1. M. B D A, ressortissant nigérian né le 12 avril 1980 à Port Harcourt (Nigéria), est entré sur le territoire français le 1er janvier 2011, selon ses déclarations. Le 29 septembre 2021, il a sollicité son admission exceptionnelle au séjour sur le fondement de l'article L. 435-1 du code de l'entrée et du séjour des étrangers et du droit d'asile. Par un arrêté du 14 mars 2022, dont il demande l'annulation, le préfet de la Seine-Saint-Denis a rejeté sa demande de titre, l'a obligé à quitter le territoire français sans délai, a fixé le pays de destination et a édicté à son encontre une interdiction de retour sur le territoire français d'une durée de deux ans.

Sur les conclusions à fin d'annulation :

2. Il ressort des pièces du dossier que M. A justifie, par de nombreuses pièces, sa présence habituelle et continue sur le territoire français depuis 2015, soit depuis huit ans à la date de l'arrêté attaqué.
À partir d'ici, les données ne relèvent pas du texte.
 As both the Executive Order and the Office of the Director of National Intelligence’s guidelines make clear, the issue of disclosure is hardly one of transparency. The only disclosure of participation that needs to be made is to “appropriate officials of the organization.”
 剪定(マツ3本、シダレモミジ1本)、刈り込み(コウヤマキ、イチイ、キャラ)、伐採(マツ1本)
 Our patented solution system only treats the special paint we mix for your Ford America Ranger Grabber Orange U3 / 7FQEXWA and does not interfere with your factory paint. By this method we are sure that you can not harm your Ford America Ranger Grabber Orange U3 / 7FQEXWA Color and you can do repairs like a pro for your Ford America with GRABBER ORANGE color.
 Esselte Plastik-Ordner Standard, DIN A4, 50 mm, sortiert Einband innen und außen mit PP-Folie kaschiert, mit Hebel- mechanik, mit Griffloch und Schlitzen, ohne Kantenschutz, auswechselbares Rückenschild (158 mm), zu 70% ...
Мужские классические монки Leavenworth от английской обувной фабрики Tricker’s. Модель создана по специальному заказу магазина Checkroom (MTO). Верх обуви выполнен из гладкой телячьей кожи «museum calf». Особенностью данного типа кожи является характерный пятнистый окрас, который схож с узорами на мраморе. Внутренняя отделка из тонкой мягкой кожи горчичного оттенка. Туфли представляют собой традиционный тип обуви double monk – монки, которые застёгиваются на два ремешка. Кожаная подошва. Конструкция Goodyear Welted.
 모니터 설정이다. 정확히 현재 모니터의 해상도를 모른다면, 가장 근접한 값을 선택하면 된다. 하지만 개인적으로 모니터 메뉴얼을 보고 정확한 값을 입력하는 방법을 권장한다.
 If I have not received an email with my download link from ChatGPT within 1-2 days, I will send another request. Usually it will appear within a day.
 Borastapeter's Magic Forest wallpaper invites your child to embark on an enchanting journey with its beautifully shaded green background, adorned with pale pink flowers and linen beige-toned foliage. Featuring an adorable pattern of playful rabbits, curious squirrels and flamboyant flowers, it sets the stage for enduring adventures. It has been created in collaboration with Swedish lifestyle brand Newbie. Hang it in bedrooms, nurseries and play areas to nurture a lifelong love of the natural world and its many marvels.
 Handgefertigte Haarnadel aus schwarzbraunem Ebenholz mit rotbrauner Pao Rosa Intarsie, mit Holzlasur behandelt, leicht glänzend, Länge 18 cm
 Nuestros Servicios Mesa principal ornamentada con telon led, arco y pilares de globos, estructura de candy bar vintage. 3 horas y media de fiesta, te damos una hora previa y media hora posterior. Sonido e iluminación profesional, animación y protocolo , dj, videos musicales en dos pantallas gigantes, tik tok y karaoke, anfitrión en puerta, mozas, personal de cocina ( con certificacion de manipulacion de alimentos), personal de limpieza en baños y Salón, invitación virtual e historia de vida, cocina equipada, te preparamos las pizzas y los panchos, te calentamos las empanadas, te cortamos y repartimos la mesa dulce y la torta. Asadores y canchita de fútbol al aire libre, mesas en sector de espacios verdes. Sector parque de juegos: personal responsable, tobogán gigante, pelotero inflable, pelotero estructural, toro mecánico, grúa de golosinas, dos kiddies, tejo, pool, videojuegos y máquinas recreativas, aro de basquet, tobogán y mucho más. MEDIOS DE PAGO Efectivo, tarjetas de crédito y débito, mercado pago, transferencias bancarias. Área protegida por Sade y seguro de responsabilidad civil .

Il ressort également des pièces du dossier qu'il était titulaire d'un titre de séjour portant la mention " vie privée et familiale ", valable du 7 septembre 2016 au 6 septembre 2017, et que depuis, il a bénéficié d'un récépissé de demande de carte de séjour valable jusqu'au 1er décembre 2019. Par ailleurs, M. A justifie avoir conclu, le 1er août 2017, un contrat à durée indéterminée à temps partiel en qualité d'agent de services au sein de la société Merhet, puis un contrat à durée indéterminée à temps complet au sein de la société Chambres et Services depuis le 1er juin 2018. Il établit ainsi exercer une activité professionnelle stable depuis 4 ans et 7 mois à la date de l'arrêté attaqué. Compte tenu de l'ensemble de ces éléments, et en dépit de la présence, dans son pays d'origine, de son épouse et de leur fils mineur, M. A démontre une intégration significative en France. Dans ces conditions, en refusant le séjour à M. A, le préfet de la Seine-Saint-Denis a commis une erreur manifeste d'appréciation.

3. Il résulte de ce qui précède que l'arrêté du 14 mars 2022 du préfet de la Seine-Saint-Denis doit être annulé, sans qu'il soit besoin de statuer sur les autres moyens de la requête.

Sur les conclusions à fin d'injonction et d'astreinte :

4. Il y a lieu, par application des dispositions de l'article L. 911-1 du code de justice administrative, d'enjoindre au préfet de la Seine-Saint-Denis de délivrer à M. A une carte de séjour temporaire portant la mention " vie privée et familiale ", dans un délai de deux mois à compter de la notification du présent jugement. Il n'y a pas lieu, dans les circonstances de l'espèce, d'assortir cette injonction d'une astreinte.

Sur les frais liés au litige :

5. Il y a lieu de mettre à la charge de l'État, partie perdante, la somme de 1 000 euros au titre de l'article L. 761-1 du code de justice administrative.

D E C I D E :

Article 1er : L'arrêté du 14 mars 2022 du préfet de la Seine-Saint-Denis est annulé.

Article 2 : Il est enjoint au préfet de la Seine-Saint-Denis de délivrer à M. A un titre de séjour portant la mention " vie privée et familiale " dans le délai de deux mois à compter de la notification du présent jugement.

Article 3 : L'État versera à M. A la somme de 1 000 euros au titre de l'article

L. 761-1 du code de justice administrative.

Article 4 : Le surplus des conclusions de la requête est rejeté.

Article 5 : Le présent jugement sera notifié à M. B D A et au préfet de la Seine-Saint-Denis.

Délibéré après l'audience du 22 mai 2023, à laquelle siégeaient :

M. Charret, président,

M. C, magistrat honoraire faisant fonction de premier conseiller,

Mme Nguër, première conseillère.

Rendu public par mise à disposition au greffe le 15 juin 2023.

La rapporteure,

M. Nguër

Le président,

J. Charret

La greffière,

T. Timera

La République mande et ordonne au préfet de la Seine-Saint-Denis en ce qui le concerne ou à tous commissaires de justice à ce requis en ce qui concerne les voies de droit commun contre les parties privées, de pourvoir à l'exécution de la présente décision.